- [Listed records]
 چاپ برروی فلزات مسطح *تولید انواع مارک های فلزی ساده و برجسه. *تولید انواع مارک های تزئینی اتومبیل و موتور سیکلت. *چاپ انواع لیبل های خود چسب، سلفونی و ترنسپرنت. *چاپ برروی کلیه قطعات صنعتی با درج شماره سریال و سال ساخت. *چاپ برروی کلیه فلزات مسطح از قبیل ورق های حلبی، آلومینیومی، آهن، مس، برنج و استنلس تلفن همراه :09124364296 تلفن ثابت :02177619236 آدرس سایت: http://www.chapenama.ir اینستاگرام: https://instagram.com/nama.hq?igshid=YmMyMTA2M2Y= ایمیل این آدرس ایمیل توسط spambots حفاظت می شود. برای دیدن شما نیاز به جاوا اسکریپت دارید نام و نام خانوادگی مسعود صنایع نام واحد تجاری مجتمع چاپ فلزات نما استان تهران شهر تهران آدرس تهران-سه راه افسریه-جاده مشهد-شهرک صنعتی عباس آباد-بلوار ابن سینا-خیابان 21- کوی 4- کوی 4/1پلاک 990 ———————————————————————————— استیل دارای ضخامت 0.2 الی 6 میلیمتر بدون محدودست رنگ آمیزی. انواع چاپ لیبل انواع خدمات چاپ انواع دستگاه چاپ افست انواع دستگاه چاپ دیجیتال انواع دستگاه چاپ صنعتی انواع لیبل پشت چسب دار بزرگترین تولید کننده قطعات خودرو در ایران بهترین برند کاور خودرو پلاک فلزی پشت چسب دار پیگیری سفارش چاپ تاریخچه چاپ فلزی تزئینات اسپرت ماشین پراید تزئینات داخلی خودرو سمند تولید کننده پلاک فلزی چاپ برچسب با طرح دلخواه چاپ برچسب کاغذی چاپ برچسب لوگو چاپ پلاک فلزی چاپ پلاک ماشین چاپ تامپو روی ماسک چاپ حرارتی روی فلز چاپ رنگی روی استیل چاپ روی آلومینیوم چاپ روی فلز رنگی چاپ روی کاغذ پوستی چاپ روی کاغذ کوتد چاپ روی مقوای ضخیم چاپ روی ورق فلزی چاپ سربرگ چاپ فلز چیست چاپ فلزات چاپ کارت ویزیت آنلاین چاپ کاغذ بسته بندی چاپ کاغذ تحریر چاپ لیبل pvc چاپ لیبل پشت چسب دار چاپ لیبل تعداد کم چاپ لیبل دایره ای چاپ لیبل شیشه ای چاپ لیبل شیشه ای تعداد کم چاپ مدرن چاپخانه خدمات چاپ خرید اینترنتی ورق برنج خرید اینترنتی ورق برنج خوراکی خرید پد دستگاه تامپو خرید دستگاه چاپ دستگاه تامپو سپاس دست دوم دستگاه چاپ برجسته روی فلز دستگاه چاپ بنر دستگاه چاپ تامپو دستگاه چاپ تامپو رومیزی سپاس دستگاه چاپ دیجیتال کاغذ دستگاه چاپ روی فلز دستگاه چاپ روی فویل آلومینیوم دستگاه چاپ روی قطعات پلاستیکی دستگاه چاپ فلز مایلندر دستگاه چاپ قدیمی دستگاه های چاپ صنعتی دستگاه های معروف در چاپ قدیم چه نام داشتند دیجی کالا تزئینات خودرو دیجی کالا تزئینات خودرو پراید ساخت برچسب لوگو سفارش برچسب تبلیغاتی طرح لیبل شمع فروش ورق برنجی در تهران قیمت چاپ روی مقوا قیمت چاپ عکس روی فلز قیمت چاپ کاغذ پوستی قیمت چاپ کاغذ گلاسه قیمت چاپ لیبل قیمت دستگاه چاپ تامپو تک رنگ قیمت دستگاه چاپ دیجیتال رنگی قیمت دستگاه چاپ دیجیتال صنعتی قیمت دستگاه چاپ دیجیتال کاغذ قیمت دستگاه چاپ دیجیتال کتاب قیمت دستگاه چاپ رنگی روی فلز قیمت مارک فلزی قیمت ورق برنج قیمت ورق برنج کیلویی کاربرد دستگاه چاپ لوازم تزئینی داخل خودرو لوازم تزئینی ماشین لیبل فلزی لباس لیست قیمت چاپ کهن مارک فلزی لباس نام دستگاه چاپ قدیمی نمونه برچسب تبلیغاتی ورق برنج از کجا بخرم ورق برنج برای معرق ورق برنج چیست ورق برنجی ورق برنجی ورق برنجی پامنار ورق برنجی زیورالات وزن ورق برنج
--
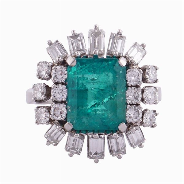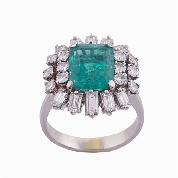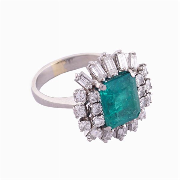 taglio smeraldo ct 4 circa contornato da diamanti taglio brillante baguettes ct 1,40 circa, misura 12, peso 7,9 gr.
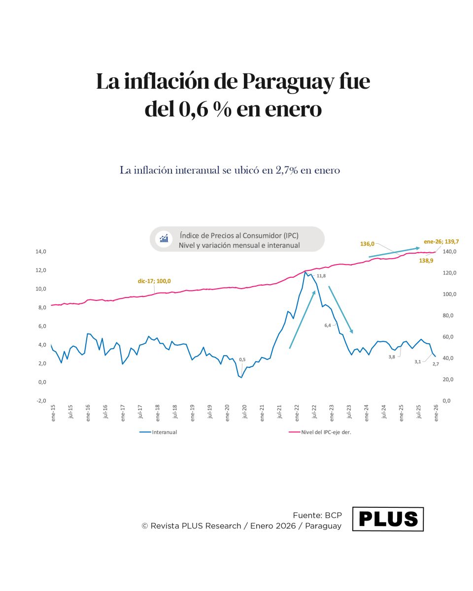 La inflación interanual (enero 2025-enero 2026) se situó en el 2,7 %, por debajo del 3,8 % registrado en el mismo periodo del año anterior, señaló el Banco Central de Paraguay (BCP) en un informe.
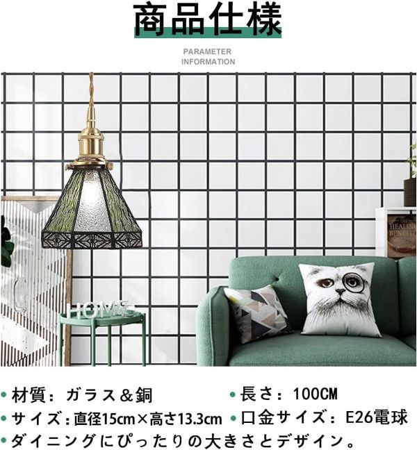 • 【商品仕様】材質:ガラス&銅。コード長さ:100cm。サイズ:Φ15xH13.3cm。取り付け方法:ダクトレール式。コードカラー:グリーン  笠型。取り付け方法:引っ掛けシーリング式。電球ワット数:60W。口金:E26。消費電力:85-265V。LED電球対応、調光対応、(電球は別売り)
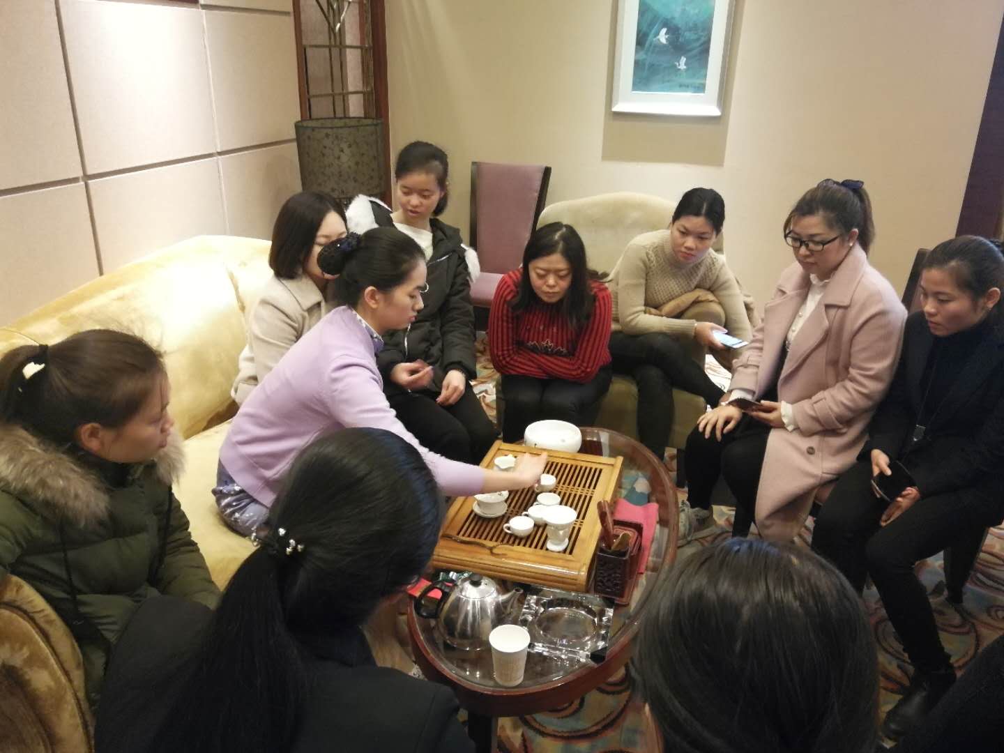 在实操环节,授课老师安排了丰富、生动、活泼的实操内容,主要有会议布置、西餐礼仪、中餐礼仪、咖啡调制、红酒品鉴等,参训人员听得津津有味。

- [About this task] Reproduce the entries exactly, from the line with "La inflación interanual" to the line with "在实操环节,授课老师安排了丰", both lines included, keeping no pictures.

- [Answer space]
 La inflación interanual (enero 2025-enero 2026) se situó en el 2,7 %, por debajo del 3,8 % registrado en el mismo periodo del año anterior, señaló el Banco Central de Paraguay (BCP) en un informe.
 • 【商品仕様】材質:ガラス&銅。コード長さ:100cm。サイズ:Φ15xH13.3cm。取り付け方法:ダクトレール式。コードカラー:グリーン  笠型。取り付け方法:引っ掛けシーリング式。電球ワット数:60W。口金:E26。消費電力:85-265V。LED電球対応、調光対応、(電球は別売り)
 在实操环节,授课老师安排了丰富、生动、活泼的实操内容,主要有会议布置、西餐礼仪、中餐礼仪、咖啡调制、红酒品鉴等,参训人员听得津津有味。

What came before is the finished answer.